Heute sind wir in circa 12 Städten vertreten und in verschiedenen Regionen, unter anderem in Kalabrien, Abbruzzen, Apulien, Venezien.

Bisher haben wir noch keine klare Struktur da wir uns noch im Formierungsprozess befinden und mit vielen sympathisierenden Genossen in Diskussionen stehen. Wir haben ein internetportal eingerichtet und geben auf nationaler Ebene ein eigenes Heft heraus, das sich „Resistenza“ nennt (“Widerstand“), in dem wir unsere Position und Meinung vertreten. Wir finanzieren uns durch Mitgliedsbeiträge und den Verkauf von Material, das beinhaltet auch Bücherverkauf.

In den kommenden Monaten werden wir uns im Rahmen einer Konferenz auf nationaler Ebene zusammensetzen, auf der wir weitere Schritte besprechen werden. Klar ist jedenfalls, dass wir auf der Seite der Arbeiter aktiv gegen die Angriffe der Prodi-Regierung kämpfen. So haben Genossen von Controcorrente eine wichtige Rolle bei den Protesten gegen die Privatisierung der Fincantiere gespielt. Unser Protest richtet sich dabei auch gegen die Gewerkschaftsführung der CGIL und gegen ihre bremsende Rolle. Wir kämpfen für die Verteidigung der Renten und des öffentlichen Gesundheitssystems, das nach und nach ausgehöhlt wird. Durch unsere laufende Arbeit lernen wir neue Leute kennen, die wir in unsere Arbeit einbinden.
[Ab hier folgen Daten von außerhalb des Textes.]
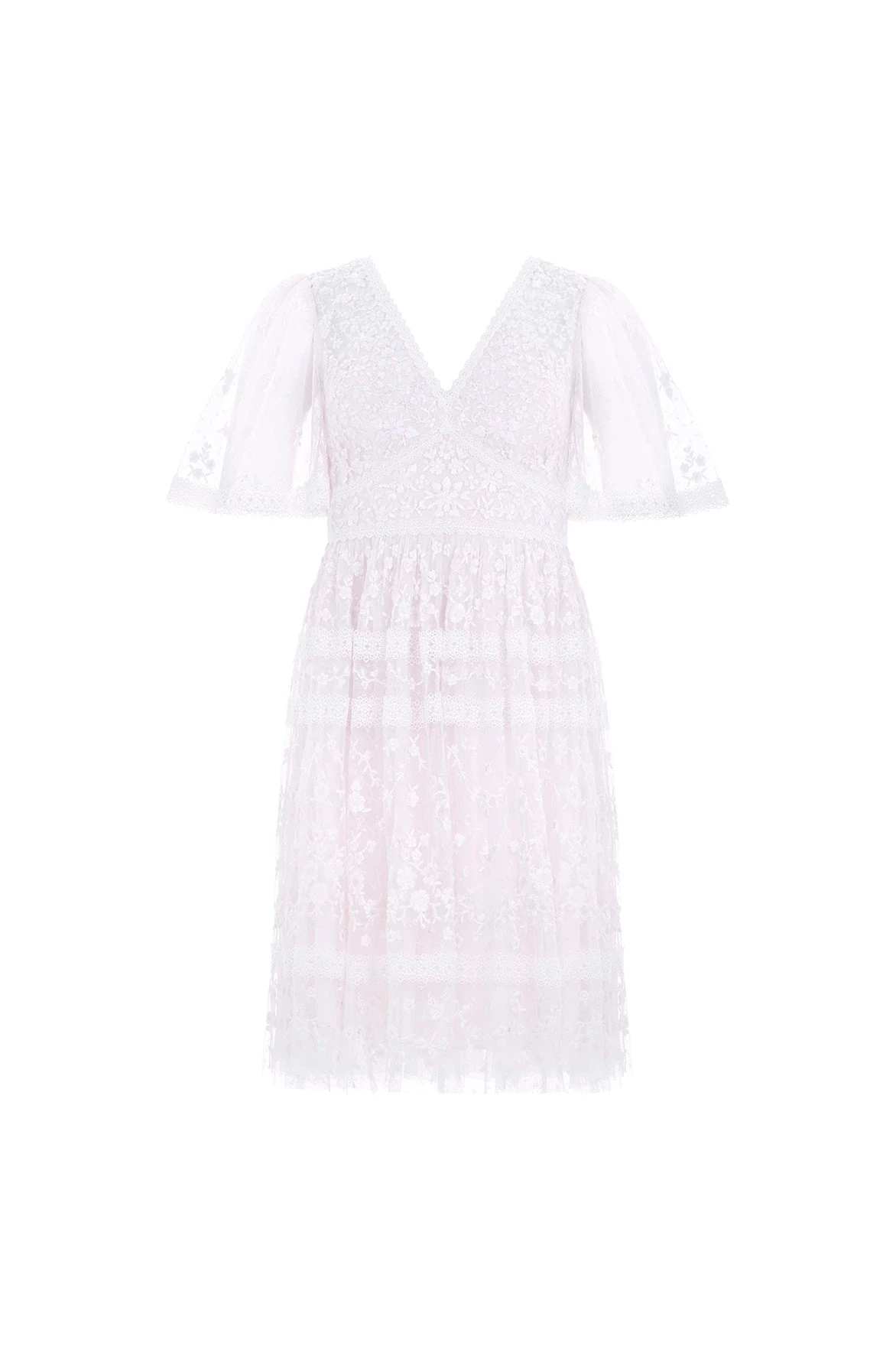 NEW SEASON. The Sweetheart Lace Mini Dress in Powder Pink/White. A signature Needle & Thread style. This mini dress is embroidered delicately with a floral lace artwork. Designed beautifully with intricate trimmed lace in pretty border motifs and perfectly positioned tiers through the skirt. Crafted from soft, kisses tulle creating a romantic texture throughout. The perfect dress to take you from day to night.

Was sind eure nächsten Ziele?

Unser nächstes Ziel ist es, im Hinblick auf die anstehende nationale Konferenz der PRC, kritischen Schichten innerhalb der PRC zu vereinen. Ebenso denken wir, dass auch über die Mitgliedschaft der PRC hinaus, die Vernetzung mit anderen linken Kräften gesucht werden muss und über den Aufbau einer klassenbewussten, antikapitalistischen Linken diskutiert werden muss. In Italien ist eine politischer Wende bitter nötig, die Linke muss sich organisieren, und in ihr eine neue Generation von antikapitalistischen Aktivisten entwickeln. Es gilt die linken Kräfte zu bündeln und zusammenzuführen. Als revolutionäre Marxisten und Kommunisten kämpfen wir dafür, innerhalb und außerhalb der PRC.

Weitere Infos unter: www.controcorrentesinistraprc.org (italienisch)
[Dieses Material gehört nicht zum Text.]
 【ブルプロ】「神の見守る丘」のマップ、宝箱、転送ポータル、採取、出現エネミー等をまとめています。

Alessandro Leni hat Politikwissenschaften studiert und ist zur Zeit arbeitssuchend.

Er war eine Legislaturperiode lang Stadtrat für die PRC in Genua.

Mara Armellin ist Soziologin und arbeitet als prekär Beschäftigte in Rahmen von sozio-kulturellen Projekten. In der PRC ist sie Mitglied des politischen Komitees der Föderation Treviso.